> _Try it_
Only the lines that contain the string "peserta" belong in the answer; pull them from the records.

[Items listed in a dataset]

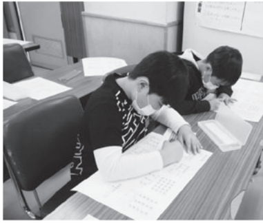
【点字体験】四苦八苦しながら点字を打っています。
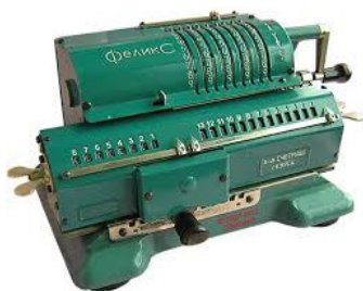
Механический калькулятор «Феликс»

начинаю выполнять данное в начале Вам обещание.
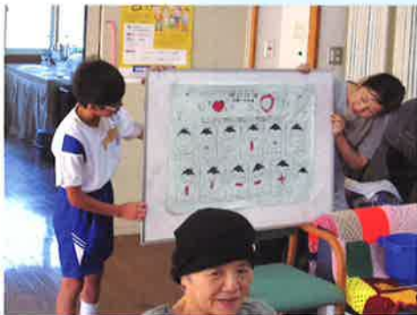
西祖谷デイサービスセンター： レクリエーションの時間
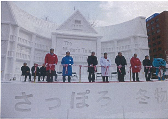
●オープニングセレモニー②
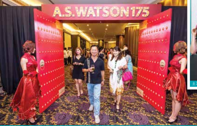
馬來西亞屈臣氏 - 「健康美麗大賞」頒獎典禮
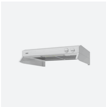
VOLYMKÅPA CLASSIC 60 VIT, FRANKE
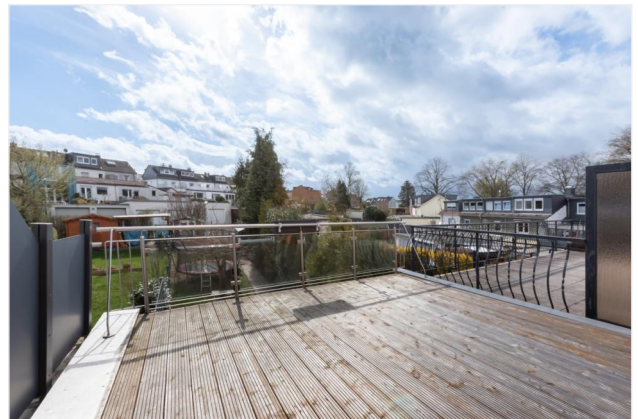
Terrasse 1.OG Ansicht 1
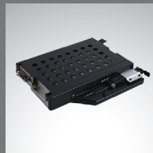
2º almacenamiento en bahía multimedia
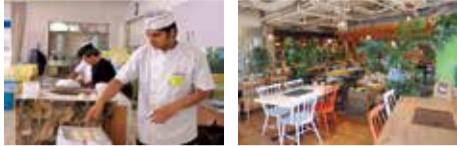
↑毎年好評、インド人シェフによる特製本格カレーと焼きたてナンが一度に味わえるここだけのお楽しみイベントも5月以降に開催予定!

日替わりの洋風創作ランチのほか、ボリューム・内容ともに充実したコースが人気の立命館大学OIC内にあるダイニングレストラン。肉料理からオードブル、特製ピッツァなど上質食材を使ったメニューが自慢で、ソファ席やテラス席も設置。遊び心満載の開放的な店内は緑に囲まれ、アクセスも抜群!好評の貸切プランは20名~120名まで幅広く対応可能なうえ、プロジェクトや会場使用料が無料なのも嬉しい。早めの予約がおすすめ!
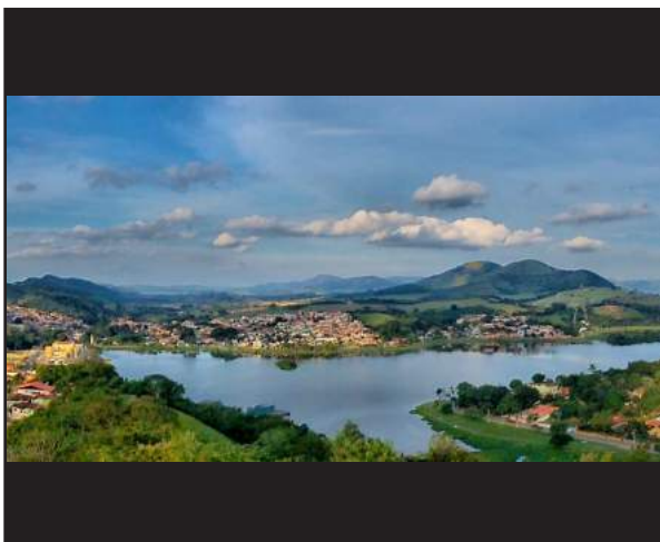
A Volta do Lago vista do mirante do Cruzeiro.
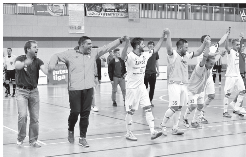
Euforia w trzynieckim zespole po uzyskaniu awansu do play off.
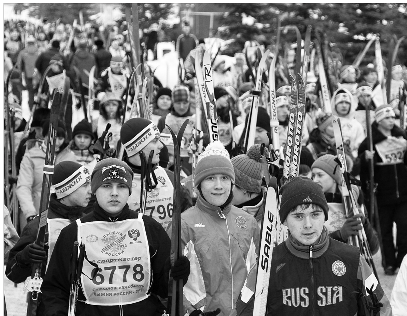
Участники массового забега.
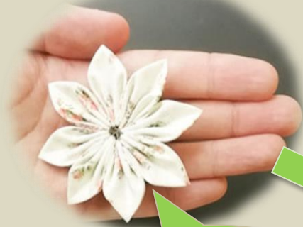
布の花が出来上がります。

布の花づくりは、ほとんどのメンバーが初めて取り組む作業です。最初は苦戦しますが、徐々に針や糸の扱い方に慣れてきて、綺麗なアクセサリが完成していきます。
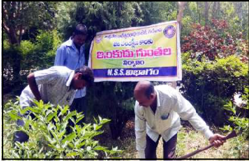
భూగర్భ జల సమృద్ధి, సుందరక్షణ కొరకు ఇంకుడు గుంతల నిర్మాణం మన కళాశాల ప్రీన్సిపాల్
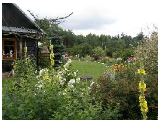
Najpiękniejszy ogród 2011 roku - Pani Elbieta Kochańska

O terminie wręczenia nagród uczestnicy konkursu zostaną powiadomieni telefonicznie.
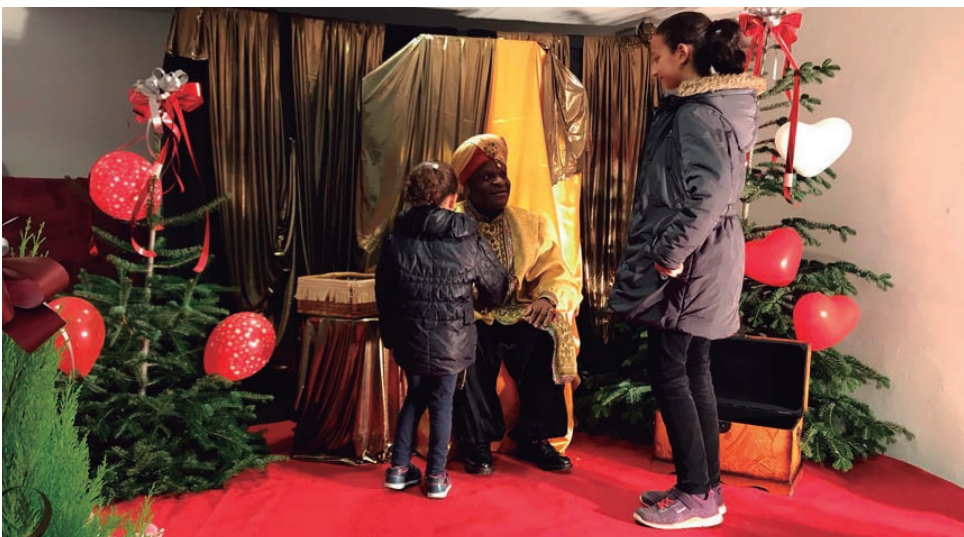
El Patge Reial va recollir les cartes al Parc de Nadal.
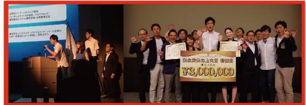
The students participated in a business plan contest organized by JCI JAPAN

JCI Osaka Business Ecosystem Organizing Project - Global Academy Osaka For Students -
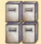
die Briefkästen እቲ ናይ ፖስታ ሳጺን
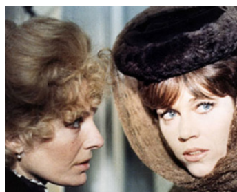
1973 MAISON DE POUPEES (A Doll's House) de Joseph Losey avec Delphine Seyrig
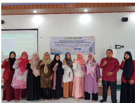
Gambar 4. Foto bersama dengan perwakilan peserta kegiatan

Pada kegiatan pelaksanaan pengabdian para peserta kegiatan berantusias dalam kegiatan terlihat dari keaktifan para peserta dalam sesi tanya jawab dan sesi diskusi, peserta juga aktif dalam kegiatan praktik mempelajari bahasa isyarat baik itu sibi maupun bisindo.
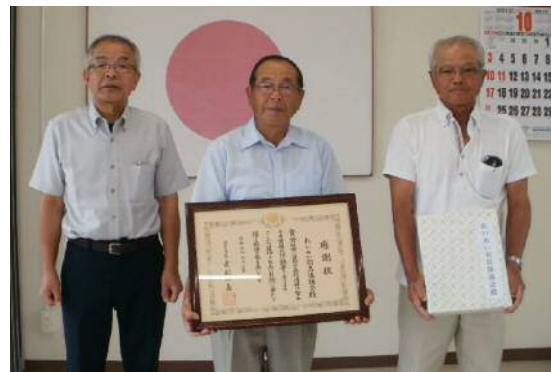
(れいめい羽島協議会)
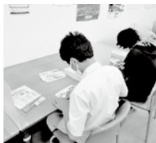
小口からまとまった量まで承ります

チラシの折加工・文書のセッティング ・封筒への封入・封かん・検品作業 ※出張しての作業も可能です
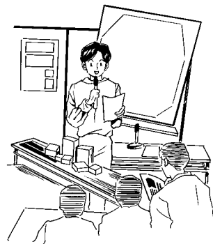
住民参加活動（ワークショップなど）

部長 県及び関係者、地元町内の協力を得ながらトイレ建設の実現に向けて進めていきたい。
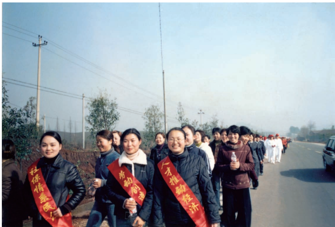
女职工开展庆“三八”社会保险知识宣传活动（摄于2004年3月）
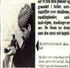
Med kurdisk og kurdisk i Mahabad.

Mahabad er et sentrum for iransk Kurdistan. Her er det kurdisk radio og fjernsynssending, og det er her kollektivet for Kurdi- stan Demokratiske Parti

> _Your solution_
Gambar 4. Foto bersama dengan perwakilan peserta kegiatan
Pada kegiatan pelaksanaan pengabdian para peserta kegiatan berantusias dalam kegiatan terlihat dari keaktifan para peserta dalam sesi tanya jawab dan sesi diskusi, peserta juga aktif dalam kegiatan praktik mempelajari bahasa isyarat baik itu sibi maupun bisindo.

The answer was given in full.